I’ve just finished reading “Xoc, an Extension-Oriented Compiler for
Systems Programming”, by Russ Cox, Tom Bergany, Austin
T. Clements, Frans Kaashoek, and Eddie Kohlery. It’s a description of
an interesting approach to extensible compilation, for C in this case,
that refines a lot of ideas that have been explored previously,
bringing them together in a more compositional style than previous
extensible compilers have managed to achieve.
One of the key themes in the paper is how to control extension
visibility. They describe a couple of approaches they take: one, a
type system used to ensure that extensions to abstract syntax are only
visible to other extensions when those extensions explicitly declare
knowledge of them; and two, an approach from Warth et al.’s
“Statically scoped object adaptation with expanders” paper for
controlling visibility of extensions to core data structures. I wonder
if the latter is used to underpin the former at all.
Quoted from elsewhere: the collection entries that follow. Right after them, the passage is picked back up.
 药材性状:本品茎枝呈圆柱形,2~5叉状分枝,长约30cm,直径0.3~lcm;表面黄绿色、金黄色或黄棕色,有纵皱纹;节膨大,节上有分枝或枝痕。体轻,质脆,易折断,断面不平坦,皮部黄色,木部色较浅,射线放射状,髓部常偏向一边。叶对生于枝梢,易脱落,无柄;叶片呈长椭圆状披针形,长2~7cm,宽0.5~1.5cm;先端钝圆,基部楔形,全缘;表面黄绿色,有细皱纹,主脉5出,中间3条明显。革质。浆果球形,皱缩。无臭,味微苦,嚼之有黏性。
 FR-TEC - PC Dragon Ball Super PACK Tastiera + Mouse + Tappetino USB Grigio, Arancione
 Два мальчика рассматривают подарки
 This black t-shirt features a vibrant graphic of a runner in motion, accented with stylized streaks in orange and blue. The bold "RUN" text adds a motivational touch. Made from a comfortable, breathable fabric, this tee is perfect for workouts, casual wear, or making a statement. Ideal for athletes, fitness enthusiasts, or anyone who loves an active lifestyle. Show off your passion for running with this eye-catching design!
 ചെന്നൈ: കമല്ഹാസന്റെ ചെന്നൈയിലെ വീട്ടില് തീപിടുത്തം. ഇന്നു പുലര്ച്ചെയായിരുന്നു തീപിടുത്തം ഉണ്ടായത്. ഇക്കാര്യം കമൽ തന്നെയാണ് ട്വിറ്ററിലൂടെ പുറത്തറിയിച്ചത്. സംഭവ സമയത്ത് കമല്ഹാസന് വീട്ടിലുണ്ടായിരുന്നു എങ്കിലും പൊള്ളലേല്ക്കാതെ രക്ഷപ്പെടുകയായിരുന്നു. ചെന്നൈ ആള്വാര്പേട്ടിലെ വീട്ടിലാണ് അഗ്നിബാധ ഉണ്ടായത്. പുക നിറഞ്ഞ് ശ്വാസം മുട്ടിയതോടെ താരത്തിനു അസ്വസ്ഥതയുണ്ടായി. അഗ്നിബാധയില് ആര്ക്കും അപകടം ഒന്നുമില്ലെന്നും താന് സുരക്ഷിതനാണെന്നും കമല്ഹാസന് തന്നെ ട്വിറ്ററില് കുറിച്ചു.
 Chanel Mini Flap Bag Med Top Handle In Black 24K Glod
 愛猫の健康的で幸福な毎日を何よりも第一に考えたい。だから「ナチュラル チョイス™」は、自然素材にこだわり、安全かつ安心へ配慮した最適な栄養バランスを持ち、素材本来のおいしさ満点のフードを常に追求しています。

Regarding the type system approach they take, it’s interesting how it
lets the extension writer provide analyses directly in terms of
extension abstract syntax, rather than forcing translation to a core
language before performing any analysis. We did the latter in
Highwire, and the error messages referred to core-language constructs
which didn’t map well to source-language syntax: the user was forced
to unexpand the macro in their heads to make sense of the output of
the compiler. The paper refers to this problem in section 5.2, where
the authors write “Since macros cannot access compiler internals, they
typically do not even type check their arguments, producing cryptic
errors when invoked incorrectly.”
Their compiler, xoc, is a source-to-source translator at the moment,
which means it’s not integrated with code generation and backend
optimisations and rewrites. It’d be fascinating to build a complete
compiler in this style. It’d also be neat to relate this approach to
extensible semantics. At the moment the extensions look quite
ad-hoc. How could this framework be used, for example, to extend
Scheme or ML, where there’s a real semantics underneath it?
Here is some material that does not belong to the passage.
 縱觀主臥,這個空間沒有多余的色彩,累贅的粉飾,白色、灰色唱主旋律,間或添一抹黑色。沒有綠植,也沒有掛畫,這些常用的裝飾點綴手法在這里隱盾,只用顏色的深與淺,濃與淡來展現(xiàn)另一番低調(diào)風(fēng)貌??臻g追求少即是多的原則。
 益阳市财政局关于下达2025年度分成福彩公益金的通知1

One nice feature of xoc is that it tries to preserve hygiene during
rewriting. I’m curious as to whether it preserves hygiene to the
degree that, say, syntax-case
does; their description of the feature
was a bit terse for me to be able to tell. In particular I’m
interested in how it treats keywords, and where “fresh names” come in
to the picture; the paper speaks simply of the code emitter renaming
variables “when two distinct variables share a name”.
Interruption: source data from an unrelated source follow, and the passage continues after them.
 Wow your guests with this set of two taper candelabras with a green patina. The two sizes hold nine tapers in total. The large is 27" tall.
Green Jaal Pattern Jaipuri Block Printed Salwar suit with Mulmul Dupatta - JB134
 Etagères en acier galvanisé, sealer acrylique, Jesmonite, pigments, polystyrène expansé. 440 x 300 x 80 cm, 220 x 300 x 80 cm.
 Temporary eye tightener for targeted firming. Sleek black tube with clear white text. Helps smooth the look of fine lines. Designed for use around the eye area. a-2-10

They use a GLR parser for converting concrete syntax to abstract
syntax. One of the benefits of this is its ability to deal with
ambiguity, which they exploit in a couple of ways, most ingeniously in
their approach to type inference (if you like) for syntax pattern
variables. I’d like to learn more about how xoc computes the type of a
syntax pattern variable; I wonder if a similar system could be ginned
up for use with OMeta?
The laziness of most of xoc’s attribute computations is rather
nifty. Code generated relatively late in a compilation, when earlier
passes are complete for the rest of the code, can have necessary
information filled in lazily on demand, running just those parts of
the previous analyses that are required.
I’d like to see some of the pattern-matching and reconstruction
features of xoc employed in the context of general purpose
computing. It seems to me that using a GLR parser the way they do
could effectively provide concrete domain-specific syntax for
algebraic data types, not just abstract syntax trees. (The question
arises: when is an AST an ADT? Always?) Being able to cons up syntax
for new types as easily as Haskell and ML cons up the types themselves
seems like a win it’s worth experimenting with. OMeta goes a step in
this direction; I hope to explore it myself sometime soon.